I really vehemently disagree with the 'feedforward, tolerance, feedback' pattern.

Protocols and standards like HTML built around "be liberal with what you accept" have turned out to be a real nightmare. Best-guessing the intent of your caller is a path to subtle bugs and behavior that's difficult to reason about.

If the LLM isn't doing a good job calling your api, then make the LLM get smarter or rebuild the api, don't make the API looser.

mort9610mo ago

I'm not sure it's possible to have a technology that's user-facing with multiple competing implementations, and not also, in some way, "liberal in what it accepts".

Back when XHTML was somewhat hype and there were sites which actually used it, I recall being met with a big fat "XML parse error" page on occasion. If XHTML really took off (as in a significant majority of web pages were XHTML), those XML parse error pages would become way more common, simply because developers sometimes write bugs and many websites are server-generated with dynamic content. I'm 100% convinced that some browser would decide to implement special rules in their XML parser to try to recover from errors. And then, that browser would have a significant advantage in the market; users would start to notice, "sites which give me an XML Parse Error in Firefox work well in Chrome, so I'll switch to Chrome". And there you have the exact same problem as HTML, even though the standard itself is strict.

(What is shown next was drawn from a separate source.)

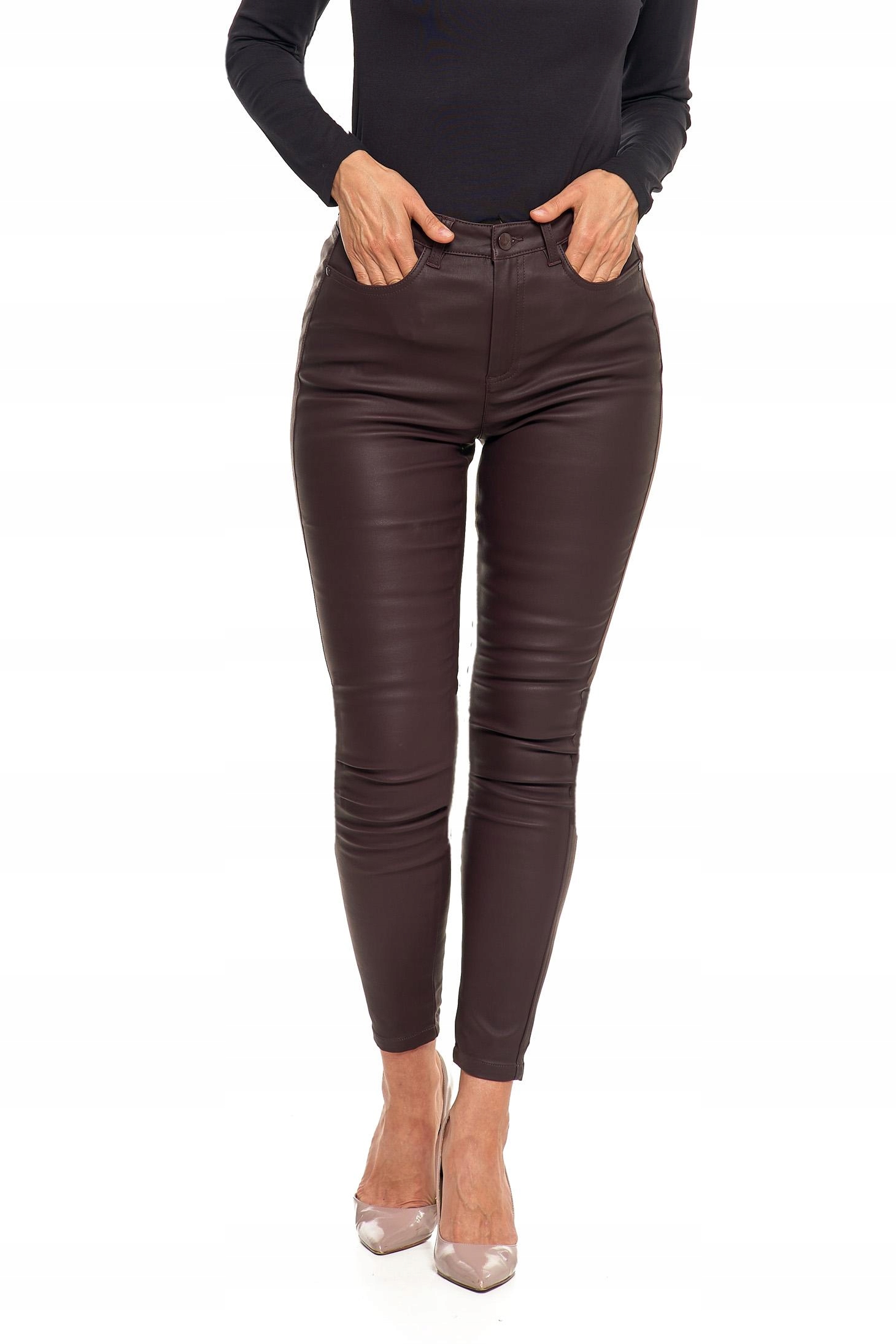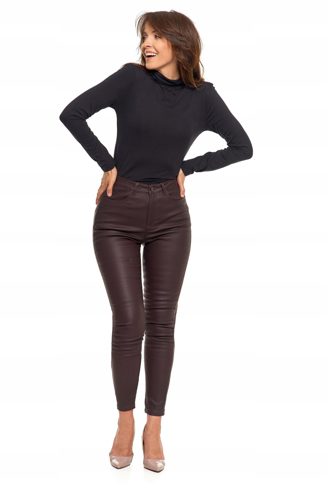 Spodnie damskie skinny z wysokim stanem z eko-skóry wykonane z elastycznego materiału z dodatkiem wiskozy i domieszek, to idealny wybór dla kobiet, które cenią styl i wygodę.

The magical thing of HTML is that they managed to make a standard, HTML 5, which incorporates most of the special case rules as implemented by browsers. As such, all browsers would be lenient, but they'd all be lenient in the same way. A strict standard which mandates e.g "the document MUST be valid XML" results in implementations which are lenient, but they're lenient in different ways.

HTML should arguably have been specified to be lenient from the start. Making a lenient standard from scratch is probably easier than trying to standardize commonalities between many differently-lenient implementations of a strict standard like what HTML had to do.

chowells10mo ago

Are you aware of HTML 5? Fun fact about it: there's zero leniency in it. Instead, it specifies a precise semantics (in terms of parse tree) for every byte sequence. Your parser either produces correct output or is wrong. This is the logical end point of being lenient in what you accept - eventually you just standardize everything so there is no room for an implementation to differ on.

The only difference between that and not being lenient in the first place is a whole lot more complex logic in the specification.

1 more reply

lucideer10mo ago

History has gone the way it went & we have HTML now, there's not much point harking back, but I still find it very odd that people today - with the wisdom of foresight - believe that the world opting for HTML & abandoning XHTML was the sensible choice. It seems odd to me that it's not seen as one of those "worse winning out" stories in the history of technology, like betamax.

The main argument about XHTML not being "lenient" always centred around client UX of error display - Chrome even went on to actually implement a user-friendly partial-parse/partial-render handling of XHTML files that literally solved everyone's complaints via UI design without any spec changes but by this stage it was already too late.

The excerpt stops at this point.